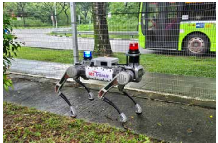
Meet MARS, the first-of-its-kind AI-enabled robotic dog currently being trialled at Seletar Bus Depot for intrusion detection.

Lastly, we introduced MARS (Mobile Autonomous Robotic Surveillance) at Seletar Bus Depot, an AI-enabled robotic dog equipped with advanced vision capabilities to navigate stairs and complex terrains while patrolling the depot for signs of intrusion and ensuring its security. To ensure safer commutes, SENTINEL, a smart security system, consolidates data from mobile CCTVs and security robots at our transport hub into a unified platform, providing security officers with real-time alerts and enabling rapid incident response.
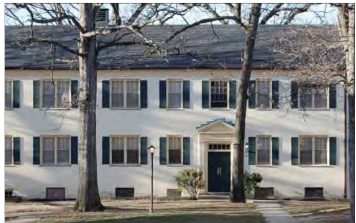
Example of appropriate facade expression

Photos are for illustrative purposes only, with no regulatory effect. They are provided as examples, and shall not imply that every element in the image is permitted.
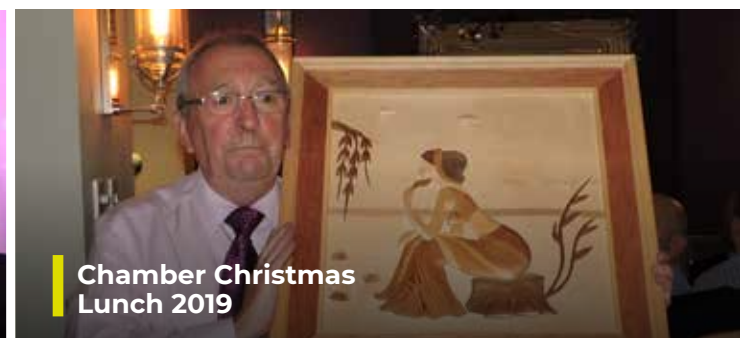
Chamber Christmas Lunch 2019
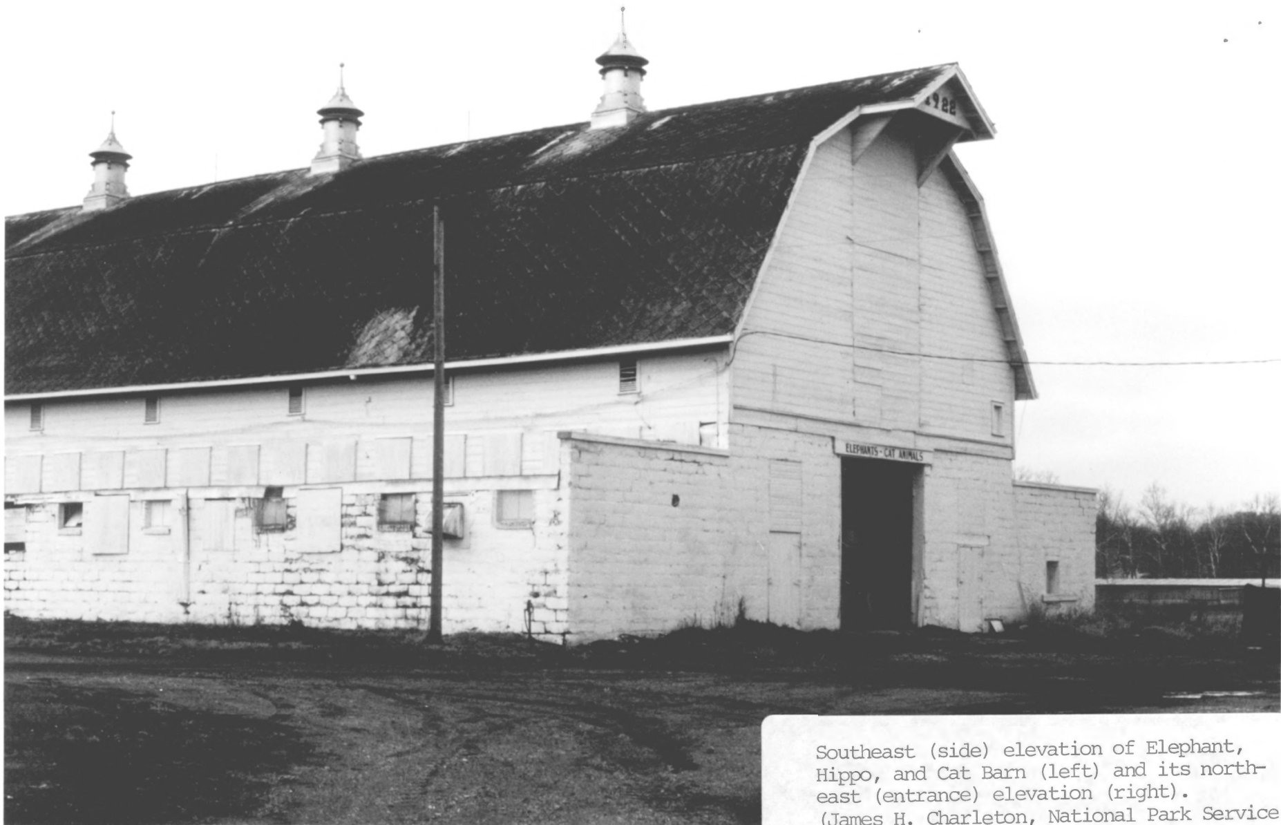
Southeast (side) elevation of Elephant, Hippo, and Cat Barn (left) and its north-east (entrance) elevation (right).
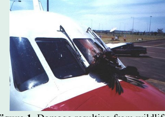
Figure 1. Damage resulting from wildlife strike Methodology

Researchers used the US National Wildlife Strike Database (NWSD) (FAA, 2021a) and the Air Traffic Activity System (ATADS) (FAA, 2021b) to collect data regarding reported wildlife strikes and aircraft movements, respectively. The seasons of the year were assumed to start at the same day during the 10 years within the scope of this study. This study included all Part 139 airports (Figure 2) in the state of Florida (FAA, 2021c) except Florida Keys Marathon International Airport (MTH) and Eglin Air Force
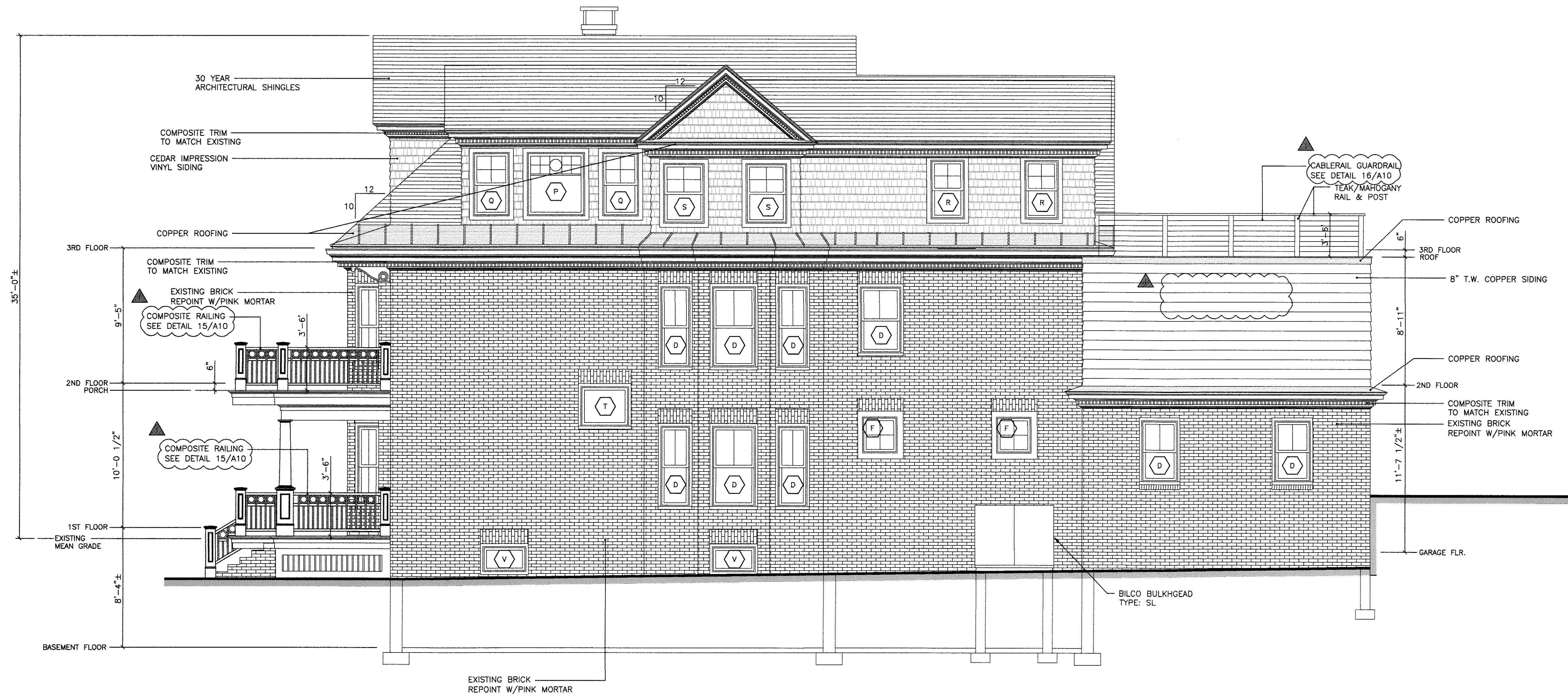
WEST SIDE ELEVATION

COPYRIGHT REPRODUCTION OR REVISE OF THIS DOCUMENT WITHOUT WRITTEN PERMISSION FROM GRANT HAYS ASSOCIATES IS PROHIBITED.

* * *

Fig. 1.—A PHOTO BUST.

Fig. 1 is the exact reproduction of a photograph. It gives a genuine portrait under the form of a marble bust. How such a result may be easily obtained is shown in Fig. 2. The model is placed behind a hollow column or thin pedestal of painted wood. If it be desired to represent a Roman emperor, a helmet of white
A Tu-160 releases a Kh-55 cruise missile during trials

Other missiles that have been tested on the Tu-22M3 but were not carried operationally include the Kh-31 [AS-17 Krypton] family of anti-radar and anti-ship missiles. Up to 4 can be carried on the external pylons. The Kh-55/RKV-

...

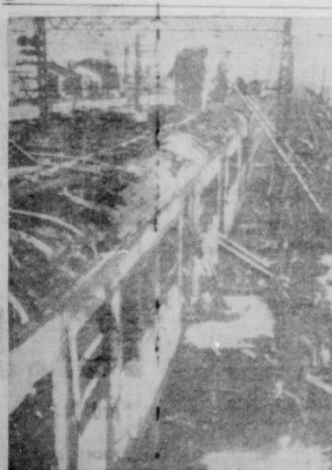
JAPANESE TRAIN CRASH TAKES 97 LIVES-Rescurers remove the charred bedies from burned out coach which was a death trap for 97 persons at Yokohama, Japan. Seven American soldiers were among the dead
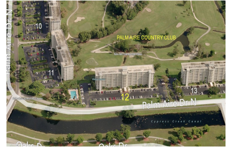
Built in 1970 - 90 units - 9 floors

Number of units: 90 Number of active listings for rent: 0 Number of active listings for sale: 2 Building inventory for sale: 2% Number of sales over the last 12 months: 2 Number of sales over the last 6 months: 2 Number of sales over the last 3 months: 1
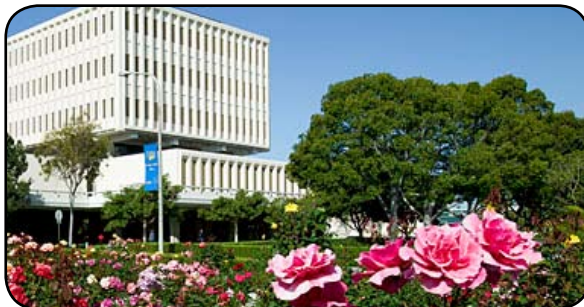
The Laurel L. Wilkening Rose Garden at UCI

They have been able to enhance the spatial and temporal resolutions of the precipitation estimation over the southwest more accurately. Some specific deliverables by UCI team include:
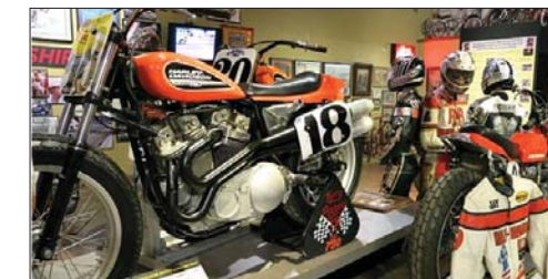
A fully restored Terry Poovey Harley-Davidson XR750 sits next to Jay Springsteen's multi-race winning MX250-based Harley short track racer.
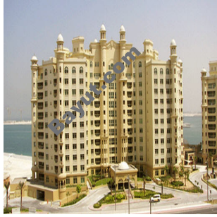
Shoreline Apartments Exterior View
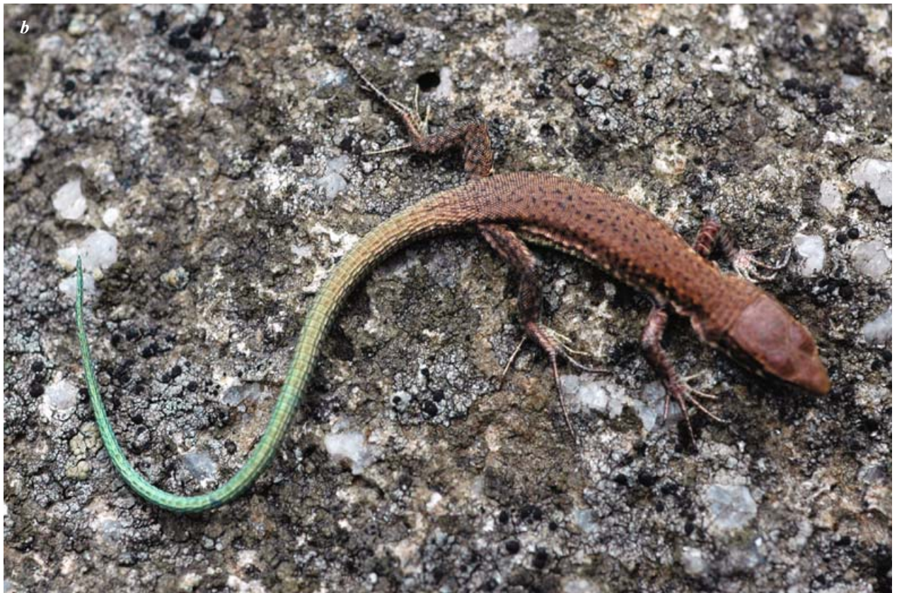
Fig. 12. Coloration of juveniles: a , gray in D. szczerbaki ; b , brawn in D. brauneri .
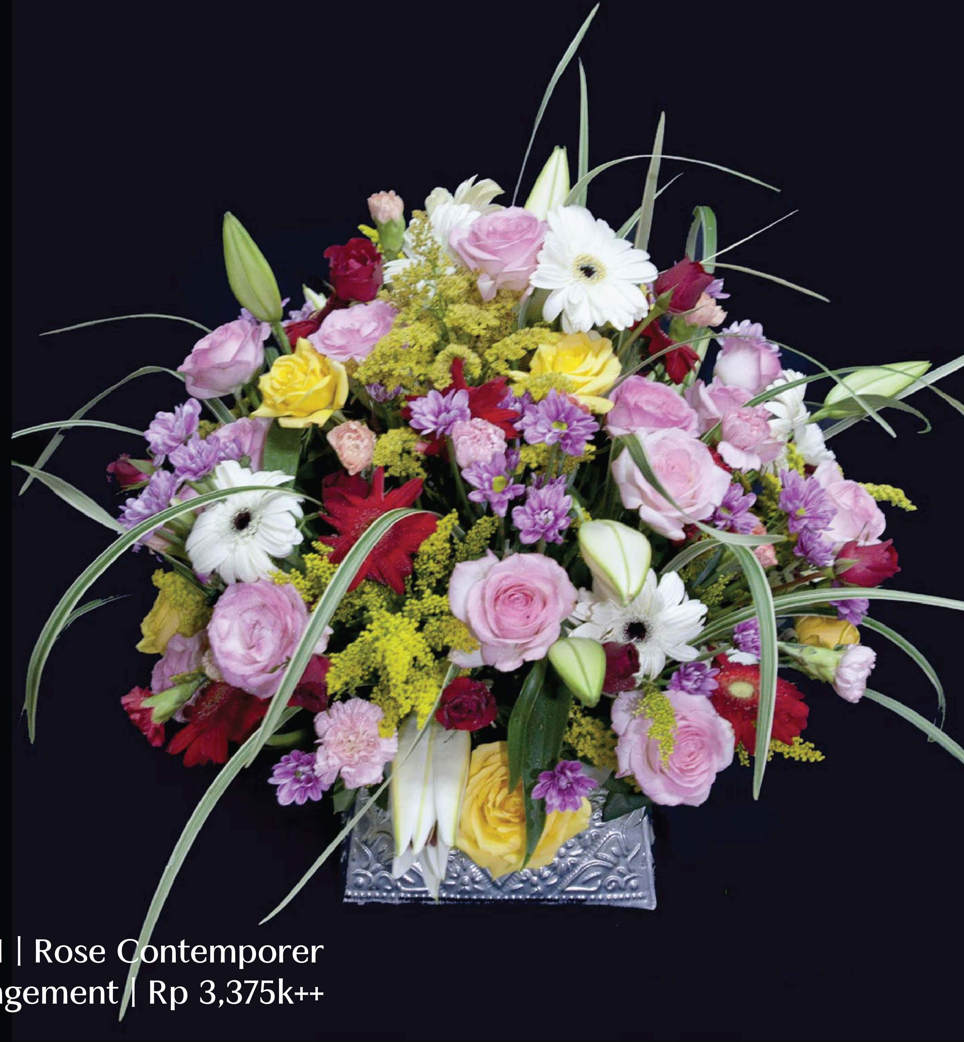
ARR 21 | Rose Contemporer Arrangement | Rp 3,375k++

• Assignment
Each line with the word "units" in the records above belongs in the result; copy all of them.

• Solved problem
Built in 1970 - 90 units - 9 floors
Number of units: 90 Number of active listings for rent: 0 Number of active listings for sale: 2 Building inventory for sale: 2% Number of sales over the last 12 months: 2 Number of sales over the last 6 months: 2 Number of sales over the last 3 months: 1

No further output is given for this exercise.